Reputation: 29912

Python encoding - Is there any explanation?

Can someone explain to me why python has this behaviour?

Let's me explain.

BACKGROUND

I have a python installation and I want to use some chars that aren't in the ASCII table. So I change my python default enconding. I save every string, into a file .py, in that way '_MAIL_TITLE_': u'Бронирование номеров',

Now, with a method that replaces my dictionary keys, I want to insert into an html template my strings in a dynamic way.

I place into html page's header:

<head>
 <meta http-equiv="Content-Type" content="text/html; charset=UTF-8"/>
 ...... <!-- Some Css's --> 
</head>

Unfortunately, my html doc comes to me (after those replaces) with some wrong chars (unconverted? misconverted?)

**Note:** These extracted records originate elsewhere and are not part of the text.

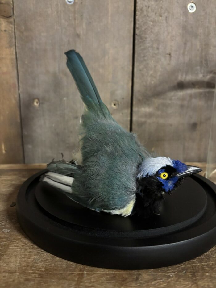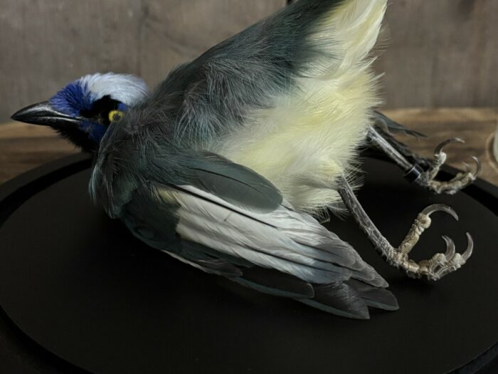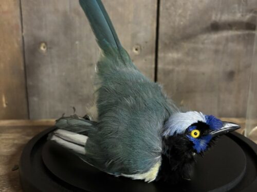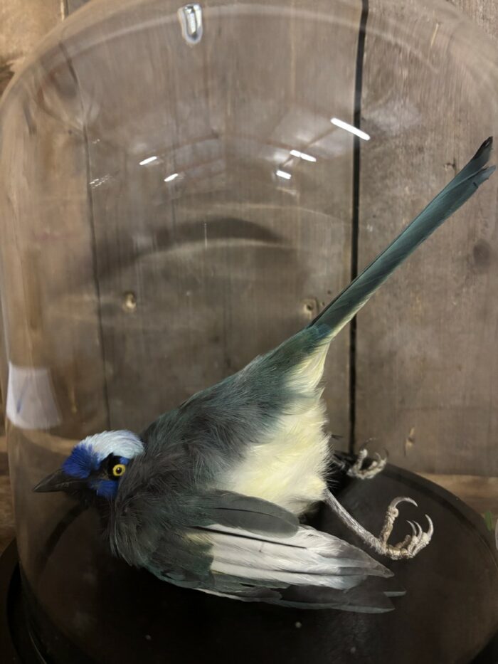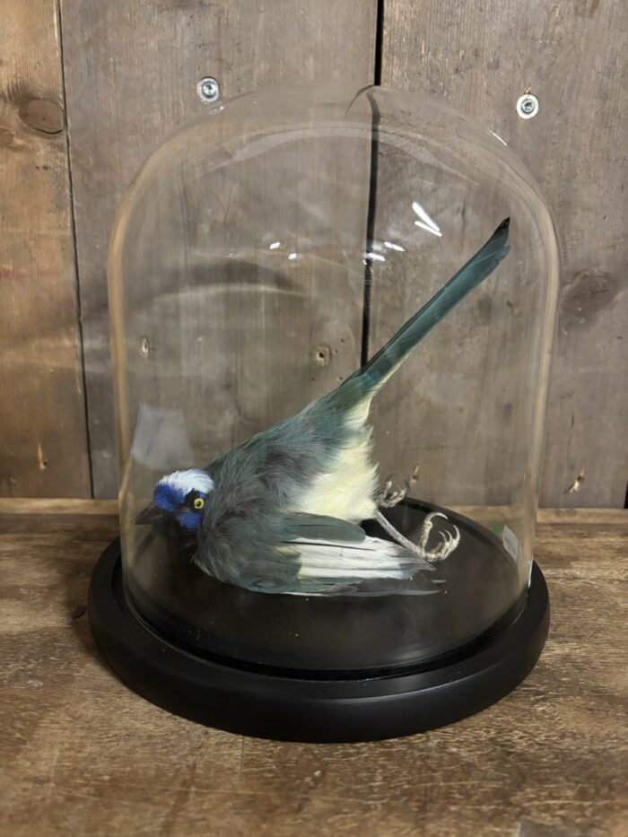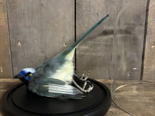 De Incagaai komt in een stolp met de afmeting, 23,5cm hoog en een doorsnede van 22cm.
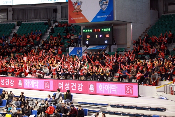 지역 연고단인 인삼공사 배구단과 본 지구와의 협력을 통해 배구단 선전을 위한 취지로 전개된 이번 업무협약에 이어 기업은행과의 경기에 참가한 라이온 모두는 열띤 응원과 경기관람을 가졌다.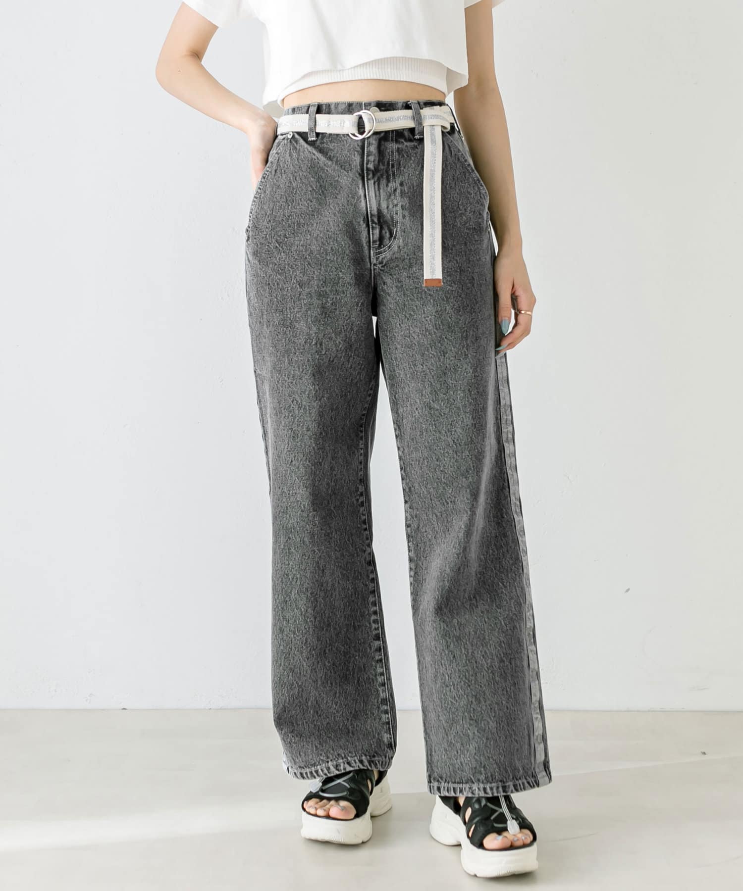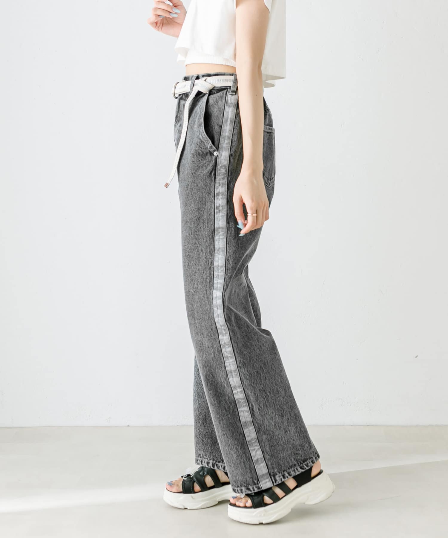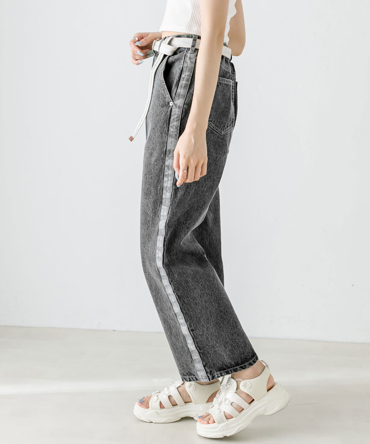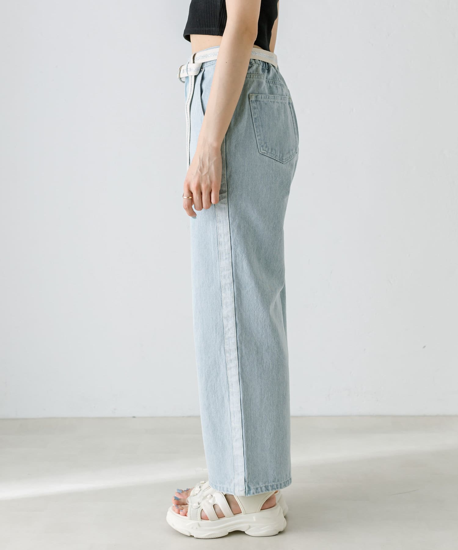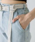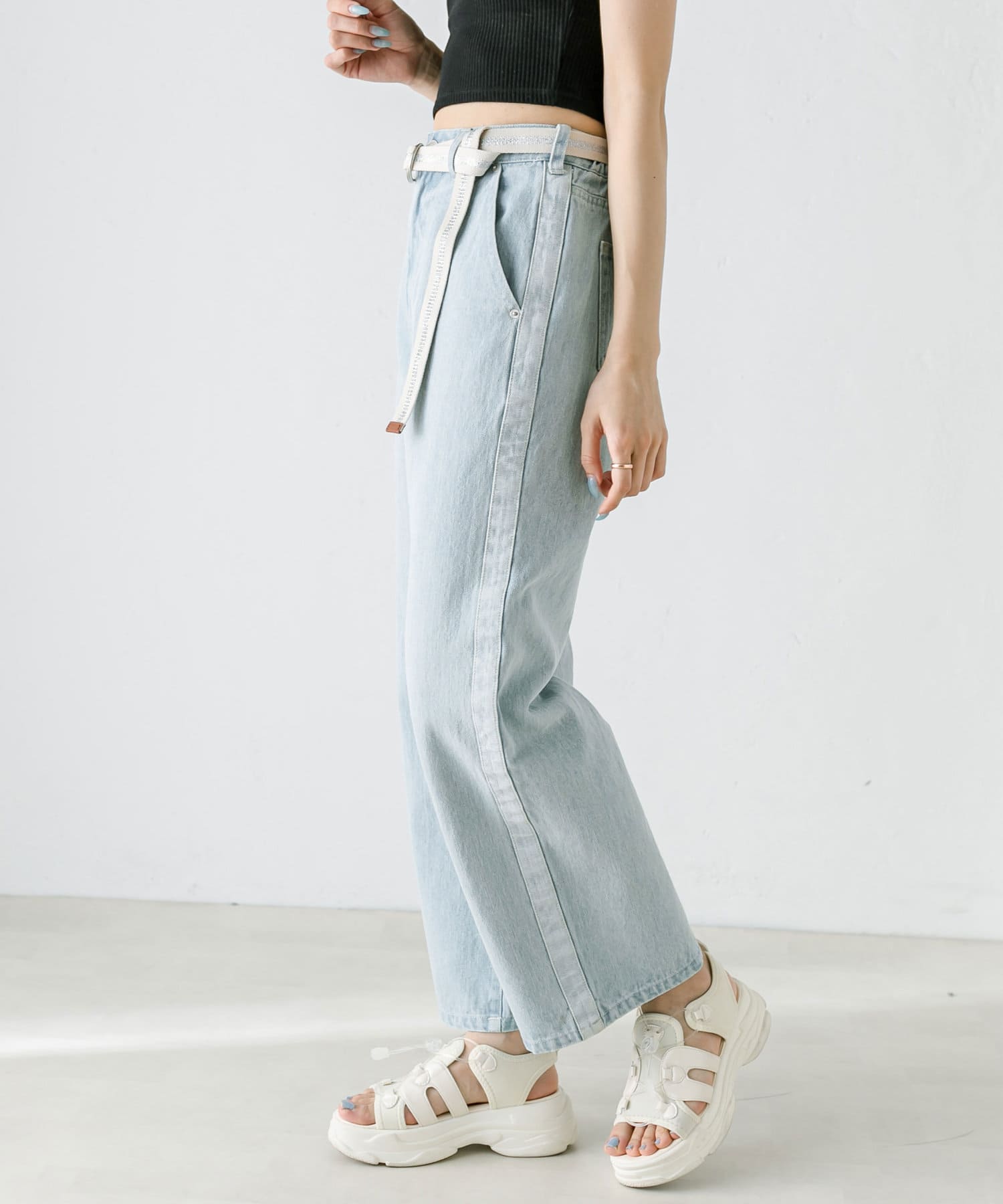 【S/Mサイズあり】ベルト付きサイドラインデニムパンツ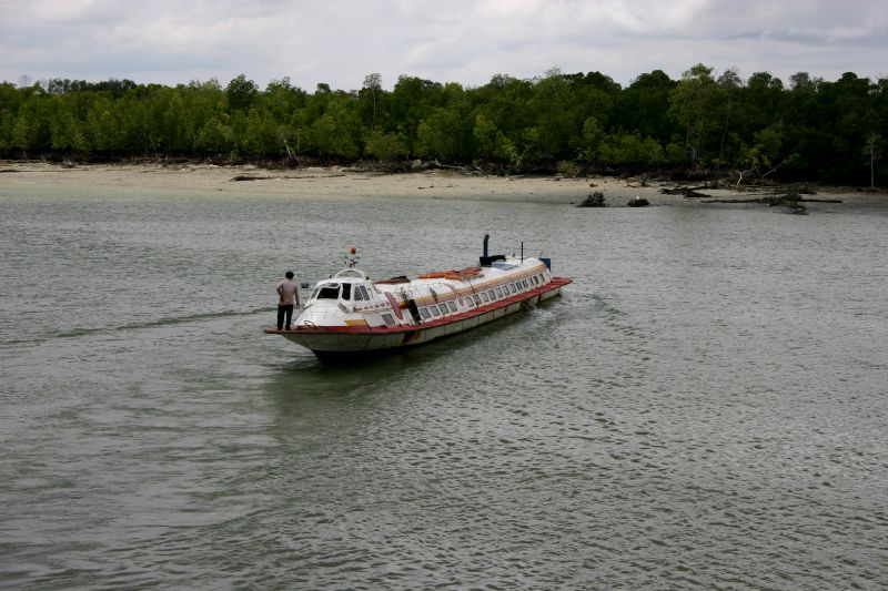 mangroves naar het dorp. Deze mangroves zijn soms zo smal dat er maar 1

So, I open a terminal and start to make some order:

 1 - Python 2.4.6 (#1, Jan 27 2012, 15:41:03)
 2 - [GCC 4.1.2 20080704 (Red Hat 4.1.2-51)] on linux2
 3 - Type "help", "copyright", "credits" or "license" for more information.
 4 - >>> import sys
 5 - >>> sys.getdefaultencoding()
 6 - 'utf-8'
 7 - >>> u'èéòç'
 8 - u'\xe8\xe9\xf2\xe7'
 9 - >>> u'èéòç'.encode('utf-8')
10 - '\xc3\xa8\xc3\xa9\xc3\xb2\xc3\xa7'
11 - >>> u'è'
12 - u'\xe8'
13 - >>> u'è'.encode()
14 - '\xc3\xa8'

QUESTION

Take a look at line [7-10]. Isn't that weird? Why if my (line 6) python has a defaultencoding utf-8, does it convert that string (line7) in a different way than line 9 does? Now, take a look at lines [11-14] and their output.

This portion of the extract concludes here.